_Task statement_: Retype each entry verbatim. Do not include the images.

Top of Material for this exercise

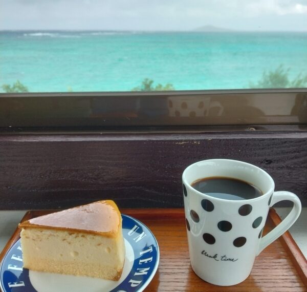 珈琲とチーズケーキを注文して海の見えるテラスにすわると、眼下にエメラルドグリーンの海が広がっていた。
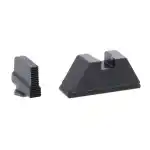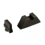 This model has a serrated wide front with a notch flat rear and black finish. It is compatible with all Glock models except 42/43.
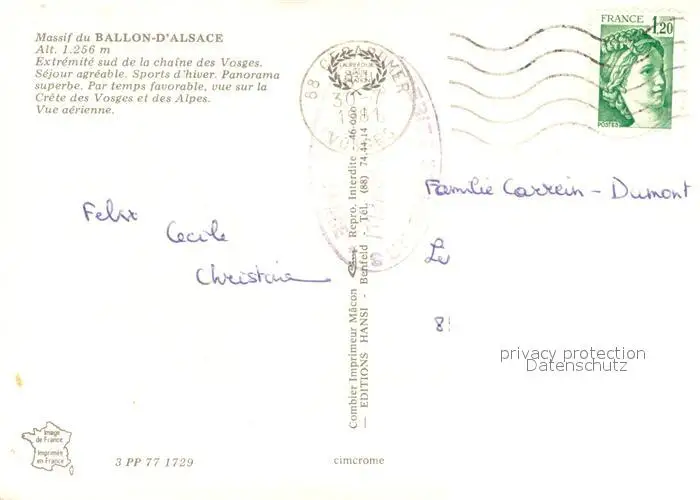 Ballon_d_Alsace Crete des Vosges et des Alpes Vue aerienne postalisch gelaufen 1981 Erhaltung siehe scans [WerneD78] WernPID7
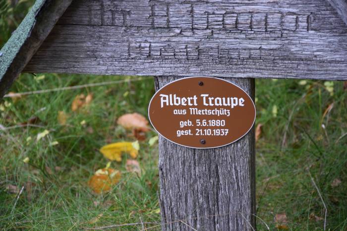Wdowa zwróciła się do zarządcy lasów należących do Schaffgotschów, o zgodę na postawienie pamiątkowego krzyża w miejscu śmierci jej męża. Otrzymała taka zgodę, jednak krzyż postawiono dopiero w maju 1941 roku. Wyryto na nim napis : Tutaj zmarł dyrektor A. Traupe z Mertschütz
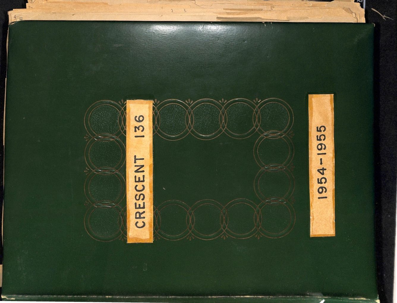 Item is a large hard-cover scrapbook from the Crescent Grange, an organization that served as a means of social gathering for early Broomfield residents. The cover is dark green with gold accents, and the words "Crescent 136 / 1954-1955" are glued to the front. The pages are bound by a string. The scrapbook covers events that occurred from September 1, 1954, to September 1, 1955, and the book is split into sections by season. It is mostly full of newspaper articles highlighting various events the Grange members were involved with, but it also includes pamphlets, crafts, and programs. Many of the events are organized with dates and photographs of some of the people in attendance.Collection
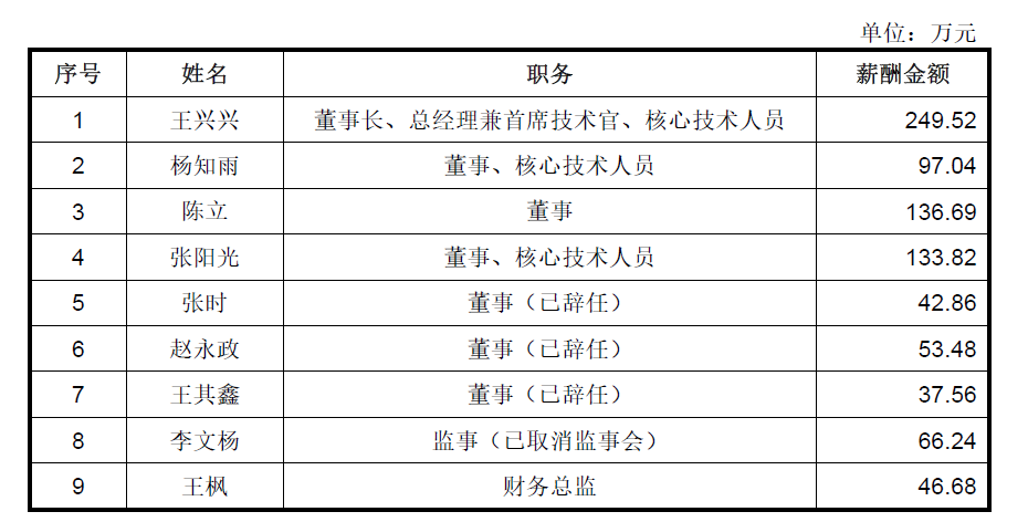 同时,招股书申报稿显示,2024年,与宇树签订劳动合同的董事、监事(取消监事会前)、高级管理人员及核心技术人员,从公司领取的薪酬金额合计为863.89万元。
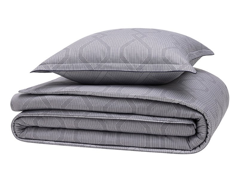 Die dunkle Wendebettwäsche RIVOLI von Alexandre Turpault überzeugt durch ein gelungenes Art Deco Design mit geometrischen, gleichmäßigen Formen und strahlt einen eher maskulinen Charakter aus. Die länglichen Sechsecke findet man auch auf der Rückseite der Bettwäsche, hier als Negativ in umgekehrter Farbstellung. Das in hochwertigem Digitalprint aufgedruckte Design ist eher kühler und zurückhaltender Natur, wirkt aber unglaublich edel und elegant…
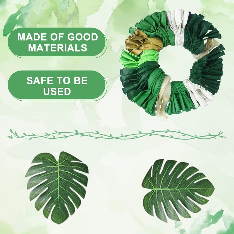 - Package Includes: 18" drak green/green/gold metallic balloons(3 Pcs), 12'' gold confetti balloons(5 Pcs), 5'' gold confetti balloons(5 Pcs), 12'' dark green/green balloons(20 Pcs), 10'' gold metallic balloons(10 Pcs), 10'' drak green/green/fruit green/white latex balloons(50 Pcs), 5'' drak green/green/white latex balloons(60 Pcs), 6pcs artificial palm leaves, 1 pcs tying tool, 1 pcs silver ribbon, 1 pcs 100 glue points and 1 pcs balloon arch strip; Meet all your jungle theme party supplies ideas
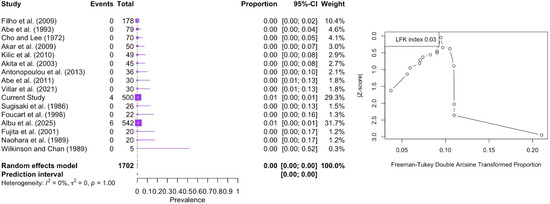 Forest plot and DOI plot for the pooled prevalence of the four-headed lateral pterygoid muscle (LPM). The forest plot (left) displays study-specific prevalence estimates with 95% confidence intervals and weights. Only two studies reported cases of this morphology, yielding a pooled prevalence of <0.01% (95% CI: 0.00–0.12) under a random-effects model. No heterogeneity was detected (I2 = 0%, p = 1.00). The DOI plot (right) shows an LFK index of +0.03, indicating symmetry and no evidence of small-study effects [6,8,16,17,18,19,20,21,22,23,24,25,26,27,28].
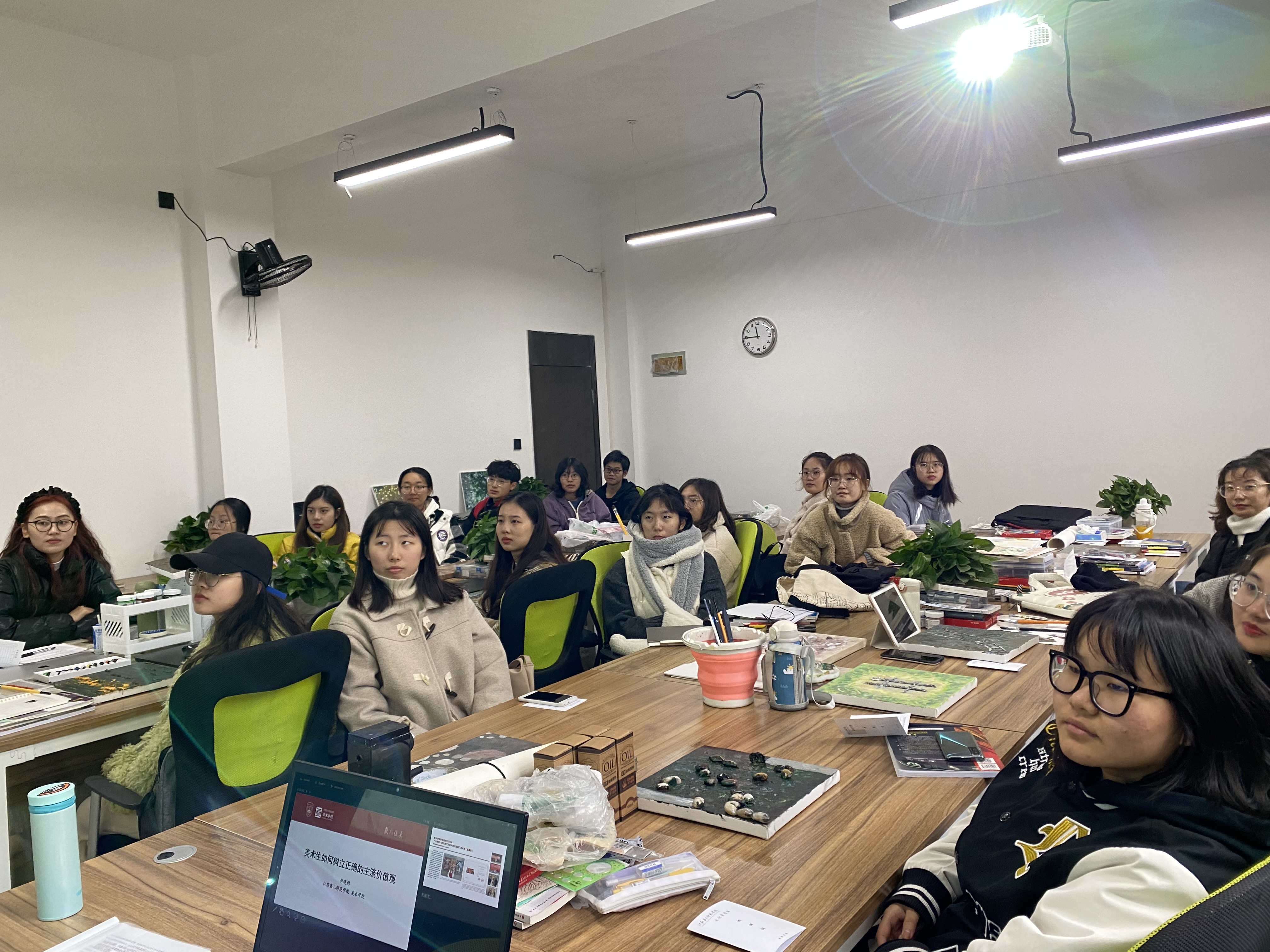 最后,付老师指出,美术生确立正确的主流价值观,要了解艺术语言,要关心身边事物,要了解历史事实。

Bottom of Material for this exercise

_Task output_:
 珈琲とチーズケーキを注文して海の見えるテラスにすわると、眼下にエメラルドグリーンの海が広がっていた。
 This model has a serrated wide front with a notch flat rear and black finish. It is compatible with all Glock models except 42/43.
 Ballon_d_Alsace Crete des Vosges et des Alpes Vue aerienne postalisch gelaufen 1981 Erhaltung siehe scans [WerneD78] WernPID7
Wdowa zwróciła się do zarządcy lasów należących do Schaffgotschów, o zgodę na postawienie pamiątkowego krzyża w miejscu śmierci jej męża. Otrzymała taka zgodę, jednak krzyż postawiono dopiero w maju 1941 roku. Wyryto na nim napis : Tutaj zmarł dyrektor A. Traupe z Mertschütz
 Item is a large hard-cover scrapbook from the Crescent Grange, an organization that served as a means of social gathering for early Broomfield residents. The cover is dark green with gold accents, and the words "Crescent 136 / 1954-1955" are glued to the front. The pages are bound by a string. The scrapbook covers events that occurred from September 1, 1954, to September 1, 1955, and the book is split into sections by season. It is mostly full of newspaper articles highlighting various events the Grange members were involved with, but it also includes pamphlets, crafts, and programs. Many of the events are organized with dates and photographs of some of the people in attendance.Collection
 同时,招股书申报稿显示,2024年,与宇树签订劳动合同的董事、监事(取消监事会前)、高级管理人员及核心技术人员,从公司领取的薪酬金额合计为863.89万元。
 Die dunkle Wendebettwäsche RIVOLI von Alexandre Turpault überzeugt durch ein gelungenes Art Deco Design mit geometrischen, gleichmäßigen Formen und strahlt einen eher maskulinen Charakter aus. Die länglichen Sechsecke findet man auch auf der Rückseite der Bettwäsche, hier als Negativ in umgekehrter Farbstellung. Das in hochwertigem Digitalprint aufgedruckte Design ist eher kühler und zurückhaltender Natur, wirkt aber unglaublich edel und elegant…
 - Package Includes: 18" drak green/green/gold metallic balloons(3 Pcs), 12'' gold confetti balloons(5 Pcs), 5'' gold confetti balloons(5 Pcs), 12'' dark green/green balloons(20 Pcs), 10'' gold metallic balloons(10 Pcs), 10'' drak green/green/fruit green/white latex balloons(50 Pcs), 5'' drak green/green/white latex balloons(60 Pcs), 6pcs artificial palm leaves, 1 pcs tying tool, 1 pcs silver ribbon, 1 pcs 100 glue points and 1 pcs balloon arch strip; Meet all your jungle theme party supplies ideas
 Forest plot and DOI plot for the pooled prevalence of the four-headed lateral pterygoid muscle (LPM). The forest plot (left) displays study-specific prevalence estimates with 95% confidence intervals and weights. Only two studies reported cases of this morphology, yielding a pooled prevalence of <0.01% (95% CI: 0.00–0.12) under a random-effects model. No heterogeneity was detected (I2 = 0%, p = 1.00). The DOI plot (right) shows an LFK index of +0.03, indicating symmetry and no evidence of small-study effects [6,8,16,17,18,19,20,21,22,23,24,25,26,27,28].
 最后,付老师指出,美术生确立正确的主流价值观,要了解艺术语言,要关心身边事物,要了解历史事实。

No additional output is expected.